# Is running on a sandy beach with a young dog OK?



## pudellvr (Dec 1, 2016)

I would think that doing something like Couch to 5k and working up to it would help. However, what is beach sand, salt, wind, and sweat going to do to that beautiful coat you are growing on him?


Sent from my iPhone using Tapatalk


----------



## UKpoodle (Jul 22, 2015)

I think if you're planning on running on the sand then you'd be better running at the waters edge during low tide, so the sand you're running on is wet and compacted. Running on deep, soft, dry sand increases the likelihood of a twisted ankle. Be careful not to run on a slope as well as that will cause havoc with your joints. I'm referring to humans here of course, I'm not sure how running on a beach would affect dogs but I'd imagine that, as above, running on the flat more compacted sand would be nice and cushioning for his joints. I'm no expert though!


----------



## Poodlebeguiled (May 27, 2013)

I would avoid having a young dog run on pavement until he's fully grown/18-24 months old and then, not excessively. Grass is better on joints and bones. And repetitive movements are not good for a growing body. In other words, the same pace, the same gait for a fair distance I would not have a young dog do. If they want to rip roar on a beach their own way, romp, stop and sniff, turn, trot, gallop, walk all mixed up, that is apparently better for them. They choose when to do what. 

As far as a beach, sand that gives just a little like a sand spit or the water's edge as UKpoodle mentions is great exercise...where the sand is quite saturated with water. But again...not to excess with a very young dog. 

If you have surf where you are that makes a lot of noise, just remember the noise of the waves can drown out your voice so your dog may not hear you when you call. (if he's off leash) 

Be careful of what is picked up in the mouth...there may be some dangerous critters or a red tide. (?) 

I'd be careful if the dog likes to swim when on an ocean beach...not that he has any trouble with adverse types of currents. 

Other than that, (or anything else not thought of) a sandy beach would be so much fun for the dogs. I can't let my wee ones run far away from me because they're too tiny and I worry about eagles but you wouldn't have to worry about that with a spoo. If sand gets in the hair, it could be washed out afterwards if you worry about the abrasion on the coat. For me, even when Matisse was showing, it would have been more important for him to get to be a dog and get to have a blast at a beach than a few torn up hairs. Their lives are so short. 

If Puffy has a good recall (take some treats) and it's safe where you take him, I think it sounds like a good time. And if there's any reason to, (not a great recall, other dogs or people he may run up to where he may be hurt or bother someone,) then you can use a long line or leash. One thing...if you do go to a beach, photos are required.


----------



## ericwd9 (Jun 13, 2014)

He will be fine if you take it slow and work up to it. Increase a little each day. It is good to start him early and work up to the full marathon when he is older. Grace can run for 5 Km in shallow water at 4 years old.


----------



## PuffDaddy (Aug 24, 2016)

Thanks everyone for the input here.
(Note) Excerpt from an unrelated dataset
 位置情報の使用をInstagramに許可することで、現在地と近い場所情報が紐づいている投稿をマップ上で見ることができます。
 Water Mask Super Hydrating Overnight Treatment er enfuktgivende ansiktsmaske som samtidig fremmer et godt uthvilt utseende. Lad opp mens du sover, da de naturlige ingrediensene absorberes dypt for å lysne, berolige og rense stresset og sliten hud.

We already do play fetch on the beach often and he LOVES it. Our beach is in a residential area with lots of people and dogs. His recall is 95%, but when we play on the beach we use the long leash just because we don't want him to bother anyone with the unpredictable 5%. Not everyone wants a happy dog to come and say hello to them! I don't worry about the coat too much. I mean, I do! But I don't. It is always a hot mess anyway due to the coat change, and I constantly brush, comb and wash it and it is a never ending cycle which I have resigned myself to! He is always dirty and tangled and I am always undoing the process. That's our thing! I am happy letting him be a dog as he didn't ask to grow out a show poodle coat. So I let him be rowdy and get dirty as he pleases in return. That's my philosophy.
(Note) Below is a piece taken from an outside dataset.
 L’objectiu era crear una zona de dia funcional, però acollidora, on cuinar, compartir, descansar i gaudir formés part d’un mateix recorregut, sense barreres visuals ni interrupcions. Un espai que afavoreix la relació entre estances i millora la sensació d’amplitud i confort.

I think we may work up to the jogging slowly and just for fun. But I will not ask much of him at this point because he did just turn a year and I want his joints to be healthy. But maybe running for a few minutes here and there will be a good practice for the future. When he is older we would really like him to be able to jog and bike with us. Serious jogging and biking will have to wait until next summer.


----------



## kontiki (Apr 6, 2013)

Oh this sounds like fun!

However, I avoid the beach with my Spoo. Why? He has the thickest hair in the world. If I take him to the beach is is impossible to get the sand out. I can go with friends, and their labs, and goldens, and cockers, and dalmatians, and mixes, etc come away from the beach and the sand just falls off of them. Not mine, two hours later it is still matted into his curly tight hair. Brushing, bathing, etc. None of it works very well.
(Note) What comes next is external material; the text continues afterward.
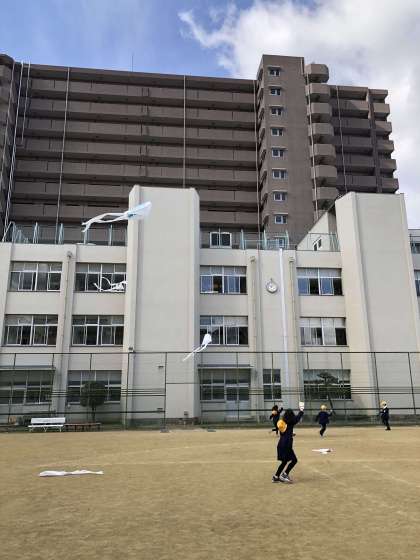 風も程よく吹いて、子どもたちも上手に揚げることができました。

I would love to be able to do this. I used to walk the beach every day at sunrise before I had my lovable spoo.


----------



## Poodlebeguiled (May 27, 2013)

That's a shame Kontiki. I never would have thought that would be such a problem...that bathing wouldn't get it all out. When I think about it, a suppose that could definitely be difficult. Something to think about for sure. I would think if you had a pool or a great big tub that if the dog spent some time in there and you too, and you scrubbed him all over with your hands that the sand would come out. But just one bath might not be enough...unless the dog has a really super short cut maybe. Gosh, that's a problem because what fun it would be. I've taken my little dogs to beaches but they're usually rocky beaches unless the tide is way out.


----------



## PuffDaddy (Aug 24, 2016)

Thanks kontiki for your input. That is a bummer that you can't go to the beach. For whatever reason Puffy doesn't really pick up much sand, although his hair is also very thick (#coat-change-nightmare). We play fetch on the beach pretty often, and it just doesn't stick to the coat much. I can imagine that beach sand is different depending on the beach. That sounds, a bit obvious, but I think you know what I mean! 

There is nothing quite like a morning beach walk! That sounds wonderful.

Personally, I am in the process of researching new running shoes for people with crappy knees (like me): I'm going to buy them shortly! Even if Puffy isn't involved much, I am gonna run on that thing!


----------



## kontiki (Apr 6, 2013)

The sand is not too bad if I do not allow him to get wet, but if he goes in the water then it is 20 feet back across the sand to the car and all is lost. As a spoo he is too big for me to carry. 

Rocky beaches without sand are ok, but unfortunately the rocky ones we have near here have about 10 feet of sand between them and where we could get back to the car.


----------